The Play About My Dad
nytheatre.com review by Martin Denton
June 21, 2011
Beautiful writing, striking direction, and a slew of excellent performances await you at The Play About My Dad, the final entry in this year's Americas Off Broadway Festival at 59E59. This new play by Boo Killebrew blends several profoundly moving stories about the catastrophe that was Hurricane Katrina with some meta-theatrical musings about family, perspective, and storytelling. There is much to take away from this ambitious work.
As the title suggests, this is a play that Killebrew has written about her father. Larry Killebrew lived in the town of Pass Christian, Mississippi in August, 2005; that town, right on the Gulf Mexico, was pretty much destroyed by Katrina. Larry is a doctor and he was witness to great tragedy during that violent week. Much of The Play About My Dad is an interwoven chronicle of some of what Larry saw and did.
We meet Mrs. Essie Watson, an elderly lady who Larry says raised him when he was a boy. She's now alone in her house, waiting for the "safe danger" of the coming storm, and also for her son Charlie to arrive from New Orleans to stay with her. Larry invites her to come to the hospital with him, but she's stubborn and wants to stay put—not even his last ditch effort ("They've got cable at the hospital") makes this gallant woman budge.
We also meet Kenny Tyson and Neil Plitt, two EMT workers who happen to be on ambulance duty the night of August 28, when Katrina hits. Kenny and Neil are the same age as Larry's daughter, Boo, and Kenny still has tender feelings for her, although she hasn't been in town for years.
And we meet Jay and Rena Thomas, a young married couple with a five-year-old son named Michael. They've decided to wait out the storm at home, too, rather than fleeing to Georgia like their neighbors. Jay and Rena tell Michael they're going to have a hurricane party, and teach him to count the seconds between lightning and thunder strikes to figure out how far away the danger really is.
I don't think I'm giving anything away when I tell you that some of these people aren't going to survive the hurricane. The power and beauty is not in what happens but rather how Killebrew tells it. There is rich humanity here, and wondrous rich detail as well. Here's Mrs. Essie remembering going fishing with her father when she was a little girl:
We lived on the Bayou and there is nothing quite like those muddy waters at that time of day. It was eerie on that little boat at that hour—not scary, because nothing is scary with your daddy—but it was just a bit eerie. It was also so peaceful. It was so calm and peaceful in the sky, in the reed, and on the surface of the water. It's enough to make you all fussed up, all that peace, because you know that things are wild under the water.

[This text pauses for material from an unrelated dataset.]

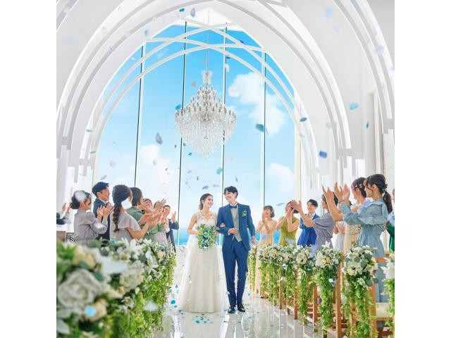【海の絶景ロケーション】自然光降り注ぐチャペルで入場体験!ハープ・バイオリンの生演奏とゲスト全員に見守られる感動のチャペル。海のリゾートならではの雰囲気をお楽しみください※100名着席可能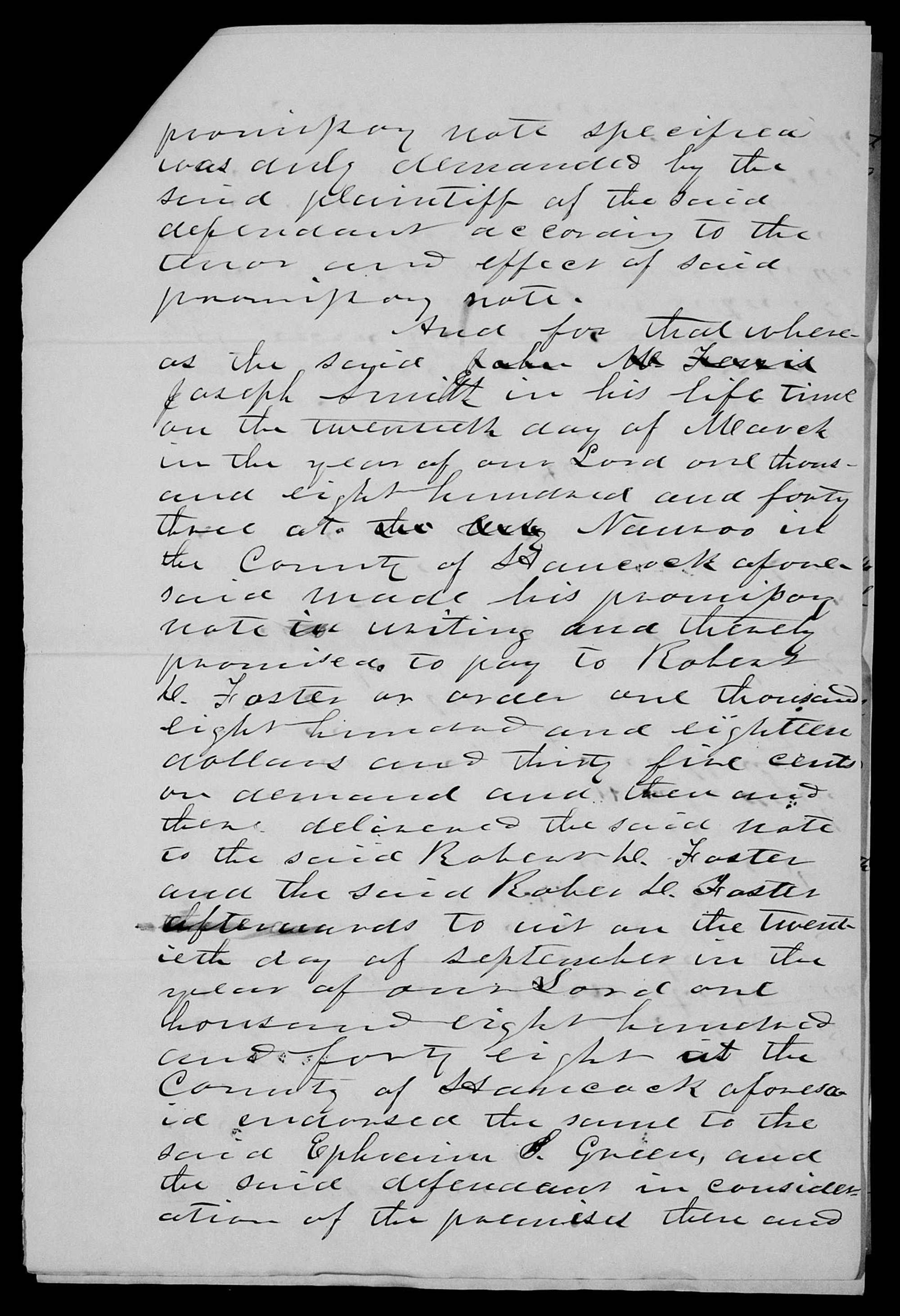 And for that whereas the said Joseph Smith in his life time on the twentieth day of March in the year of our Lord one thousand eight hundred and forty three at the City in the County of aforesaid made his promissory note in writing and thereby promised to pay to on order one thousand eight hundred and eighteen dollars and thirty five cents on demand and then and there delivered the said note to the said and the said afterwards to wit on the twentieth day of September in the year of our Lord one thousand eight hundred and forty eight in <at> the County of aforesaid endorsed the same to the said , and the said in consideration of the premises then and [p. [5]]

These six people are the heart and soul of Killebrew's play, and they are brought to life with enormous compassion and skill by this cast. Geany Masai inhabits Mrs. Essie, while TJ Witham and Jordan Mahome are supremely convincing as Neil and Kenny, respectively. Juan Francisco Villa and Annie Henk are very moving as parents trying to cover up their bravado and then fear in front of the young son; David Rosenblatt, many years older than five, is astonishingly childlike as Michael.
If what frames and surrounds these remarkable tales—Boo and Larry talking about their own troubled relationship and memories—is less compelling, I think that's at least partly by design. Killebrew juxtaposes her own life journey toward an adult sense of perspective with events far more monumental than any she's personally come into contact with. Characters in the play talk about whether they know "everything they need to know before they die." The Play About My Dad is some of Killebrew's own search for that elusive but important knowledge.
Lee Sunday Evans directs the play on a spare but intriguing set (designed by Kate Sinclair Foster). Lots of the directorial choices work marvelously, but a couple felt very problematic, especially a key scene at the hospital where Larry works that's mostly invisible to about half of the audience. Jay Potter gives a nicely natural performance as Larry, with Anna Greenfield as Boo and Tracey Gilbert in the play's smallest role as Boo's mother. The meta-ness of the family sections of the play didn't quite work for me; I felt it added a layer of artifice rather than unveiling the hoped-for/promised deeper truth. But there's much that's moving and heartfelt and honest in this piece, and Killebrew's playwriting voice—along with those of this talented cast of actors—is certainly worth hearing.